Random Matrix Spectral Form Factor of Dual-Unitary Quantum Circuits

Abstract

We investigate a class of brickwork-like quantum circuits on chains of $d-$level systems (qudits) that share the so-called `dual unitarity' property. Namely, these systems generate unitary dynamics not only when propagating in the time direction, but also when propagating in the space direction. We consider space-time homogeneous (Floquet) circuits and perturb them with a quenched single-site disorder, i.e. by applying independent single site random unitaries drawn from arbitrary non-singular distribution over ${\rm SU}(d)$, e.g. one concentrated around the identity, after each layer of the circuit.
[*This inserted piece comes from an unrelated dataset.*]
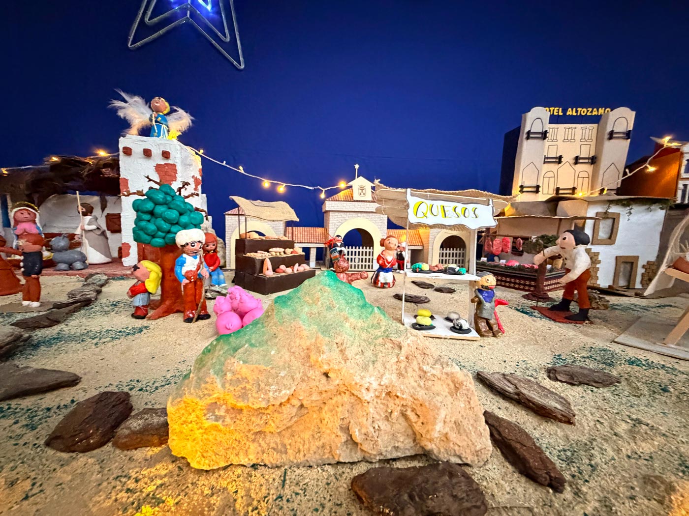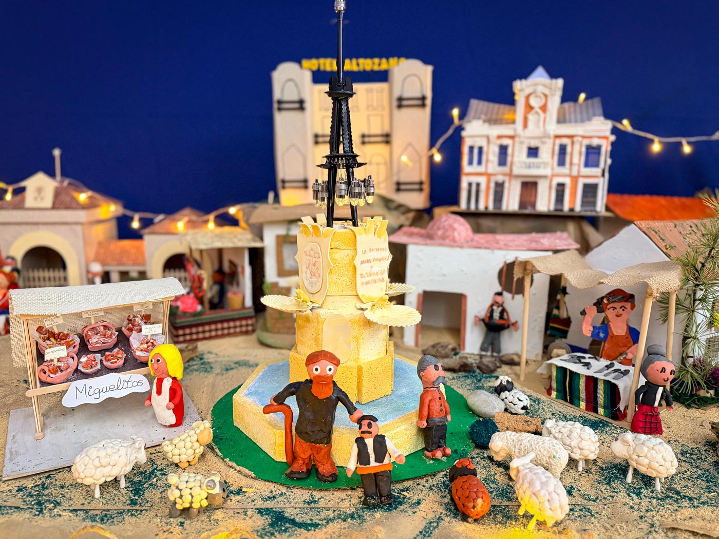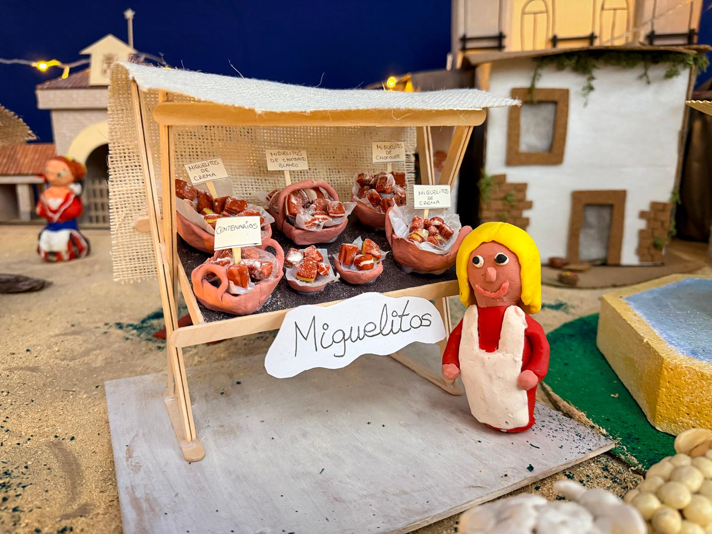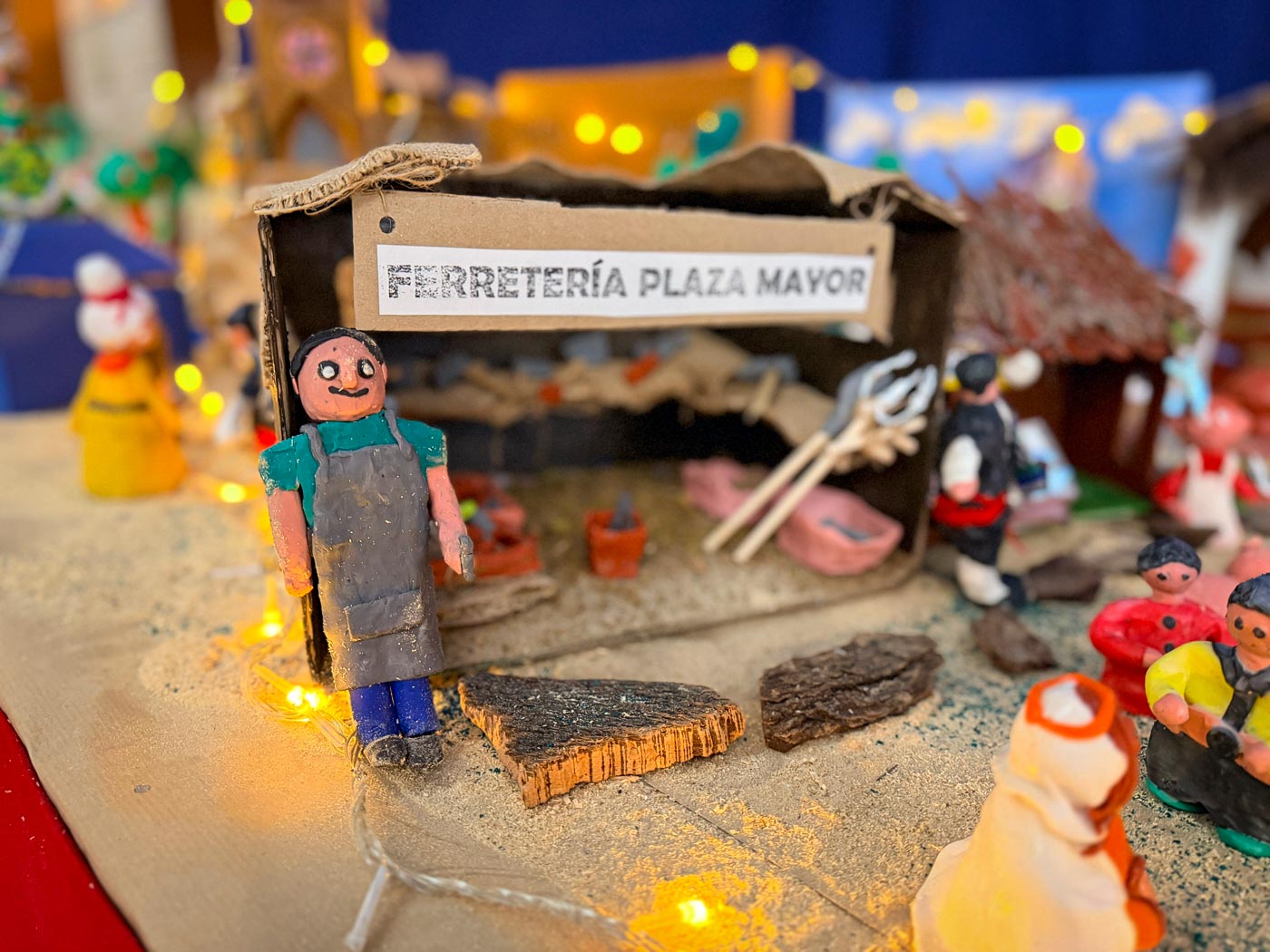También se ha reproducido comercios emblemáticos, como la Ferretería de la Plaza Mayor; o puestos de los tradicionales Miguelitos de La Roda; en un Belén donde, por supuesto, no faltan los pastores o el nacimiento del niño Jesús.
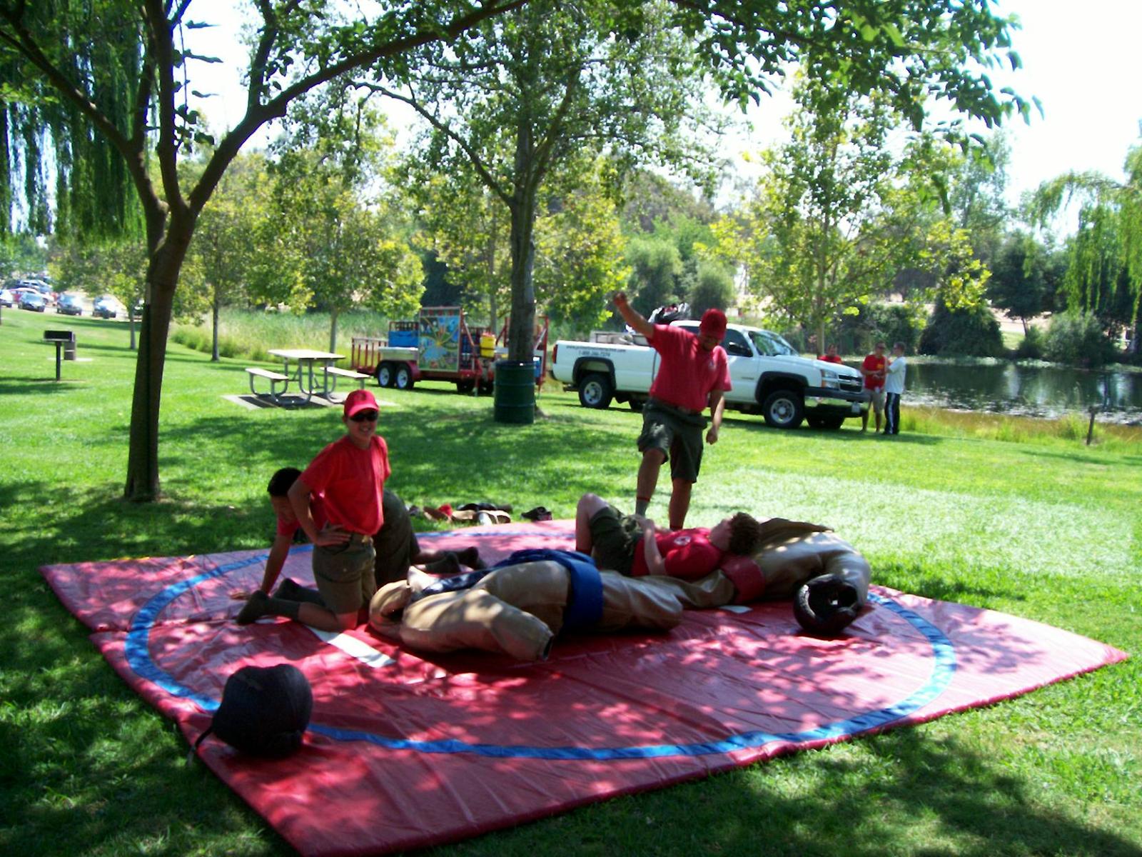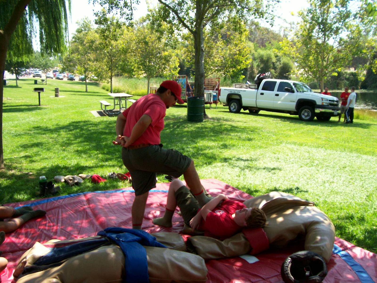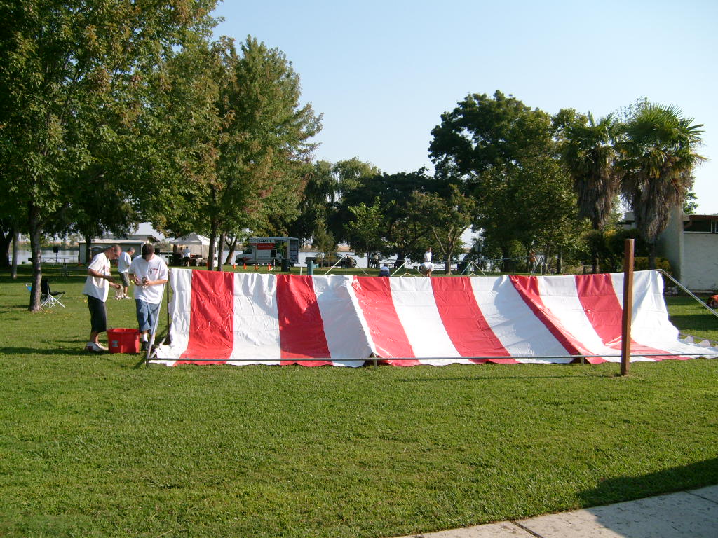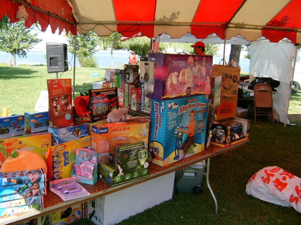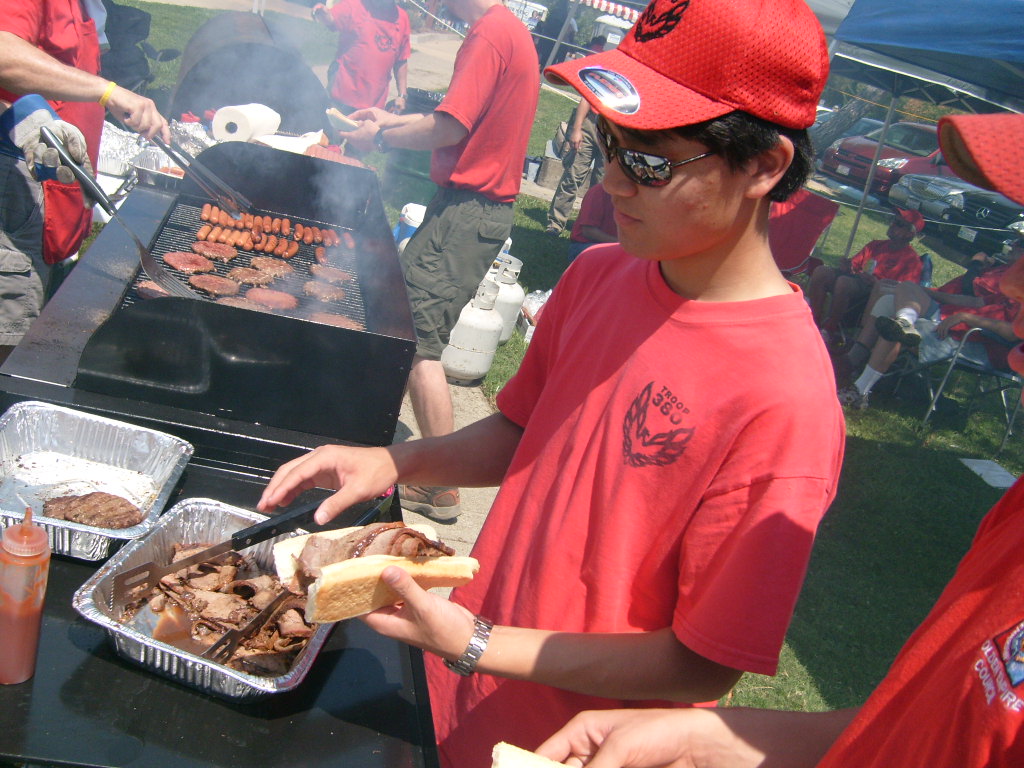 This year saw a new venue for the annual SMUD picnic held this year on August 15, 2009. That morning Troop 380 met early at Rancho Seco Regional Park to set up for the annual SMUD picnic. Over 100 Scouts, Scouters and family members helped set up the food tents with serving tables, barbeques, ice chests, food, condiments and paper products. In addition, we set up tables and chairs for eating, and set up the registration and prize booths and displays. With the lake as our backdrop, SMUD employees played games, chose from the famous Troop 380 barbequed tri-tip, as well as hamburgers, hot dogs and fried chicken. The DJ and his crew kept the place hopping with a wide variety of music giving the party a festive atmosphere. Thank you to both Laura Born and Zenaida Kamine for their hard work organizing the event.

We identify the spectral form factor at time $t$ in the limit of long chains as the dimension of the commutant of a finite set of operators on a qudit ring of $t$ sites. For general dual unitary circuits of qubits $(d=2)$ and a family of their extensions to higher $d>2$, we provide explicit construction of the commutant and prove that spectral form factor exactly matches the prediction of circular unitary ensemble for all $t$, if only the local 2-qubit gates are different from a SWAP (non-interacting gate). We discuss and partly prove possible extensions of our results to a weaker (more singular) forms of disorder averaging, as well as to quantum circuits with time-reversal symmetry, and to computing higher moments of the spectral form factor.